Don't trap me here to help you feel compassionate.

A Numbers Game
This is when you are subjected to the living cancer tree.  The odds are 1 in 8 and sure enough, you know 8 people who
can name 8 others.  Those women with cancer know who they are.  The others do too.  But somehow naming them for
you allows Ms. Fearful to remain part of the lucky 7.

I never did the "Why me" thing.  I was much more of the "Why not me?"

Space Filler
I listened to these women for way too many months because I know how terrifying the thought of breast cancer is.  I
knew that when these women talked to me they babbled incessantly because they needed to fill up the space around me
quickly so that none of the cancer leaked out of me onto them.

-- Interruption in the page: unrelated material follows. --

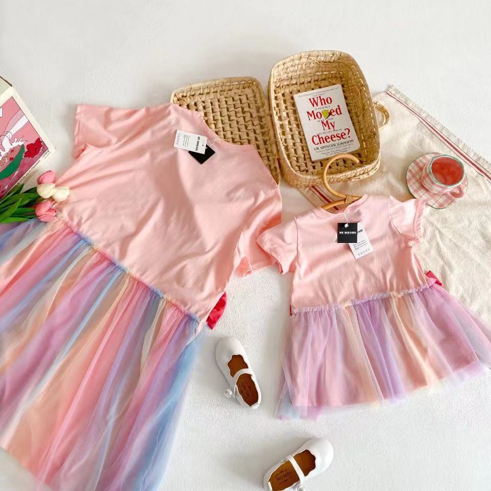 不一樣的親子裝夏季連衣裙炸街母女裝短袖裙子ins風寶寶洋氣休閒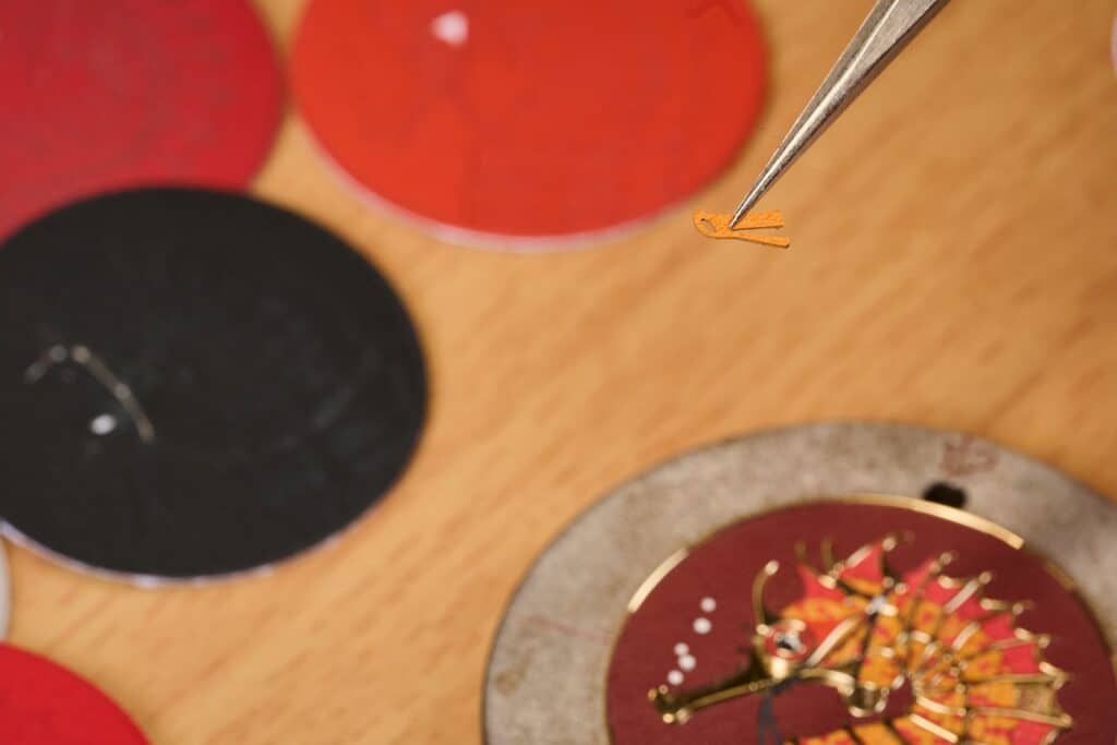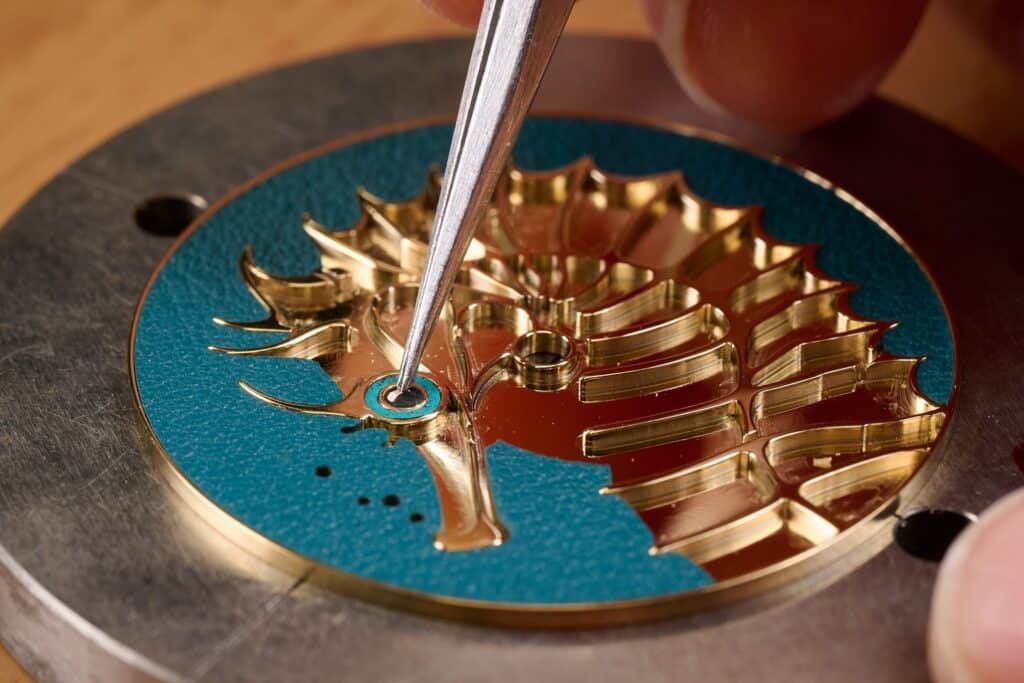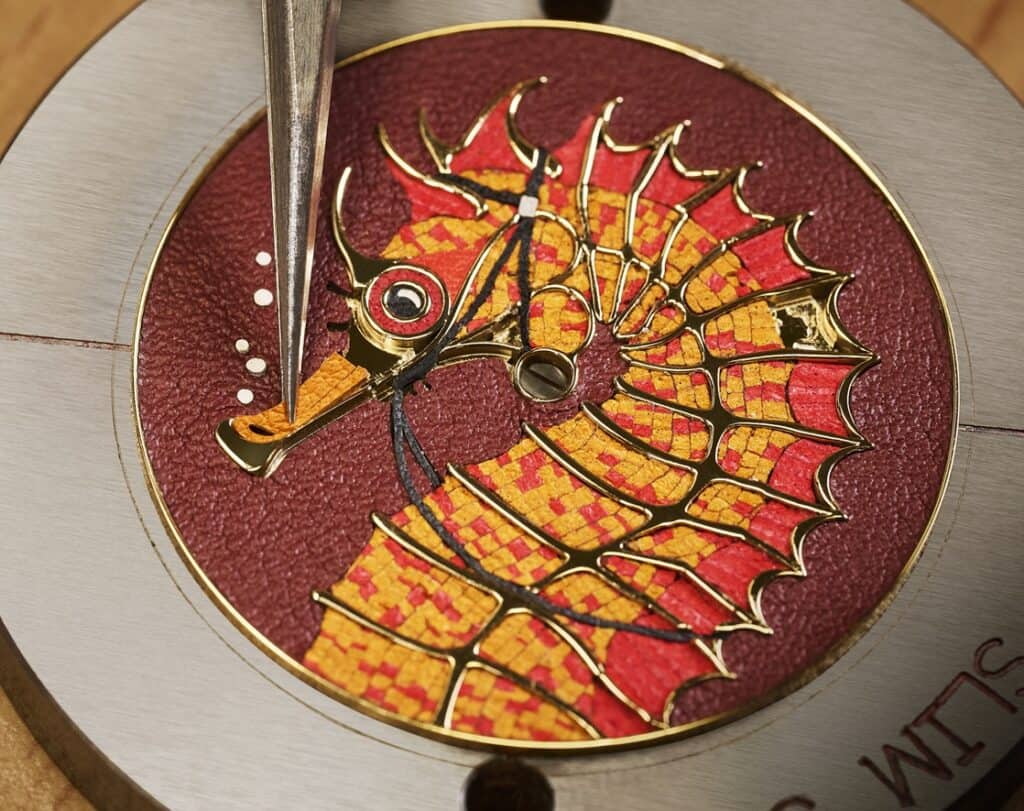 At the heart of the composition is a seahorse illustrated by London-based artist Stuart Patience—its whimsical silhouette transformed into a dial rich with texture and nuance. The process begins with the engraver’s steady hand, tracing the creature’s delicate curves and chiselling depth into the gold with a succession of traditional tools. Once the sculptural relief is complete, the dial passes to the leather marquetry specialist, who trims vibrant Swift calfskin in contrasting hues down to an extraordinary 0.5 mm thickness.

I've changed the aura around me so there are no gaps of vulnerability.  They now have nothing to worry about.  Neither
do I.

Now that my treatment has ended, I've left behind my daily cancer identity.  I no longer have those conversations with
people.  Sure, folks ask me how I am doing but people are not so frightened of the answer.  I look good, I feel good, my
prognosis is good and I function like a regular woman.   But I'm not.  I am a woman who had breast cancer and I am
wiser because of it.  I stop people in mid-horror-story saying, "I have my own cancer story, thank you."   I don't jump on
the "I can't believe it" bandwagon because I do believe it -- I do believe that breast cancer is of epidemic proportions.  
And, I don't pretend to have conversations with people who do all the talking.  I leave.

I have learned what a strong woman looks like.   It's the friend who says:  "I will be by your side for this journey, no
matter how difficult."  I've learned the difference between someone who gives you healing energy and someone who
envies that energy: "I didn't gain weight on tamoxofen for 3 months…I mean 5 months…I mean the side effects didn't
kick in til 6 months…how long have you been on it again?"

I've learned to gratefully receive every day with love and joy and humor and I don't care if people are uncomfortable
around my cancer.  I am wide and open, but I am no longer vulnerable to sad, empty eyes.

So, Dear-Friend-With-Cancer, the next time a woman tries to project all her anxiety on to you, remember that she wants
you to protect her from getting cancer.  You already know that you can't.  You don't have to listen to the stories, the
stats, the names, and the docs.  You have your very own stories to tell the people who really do listen to you.  Tell her
that you understand her fears and cut her Cancer Communication short: simply remind her that you are not contagious.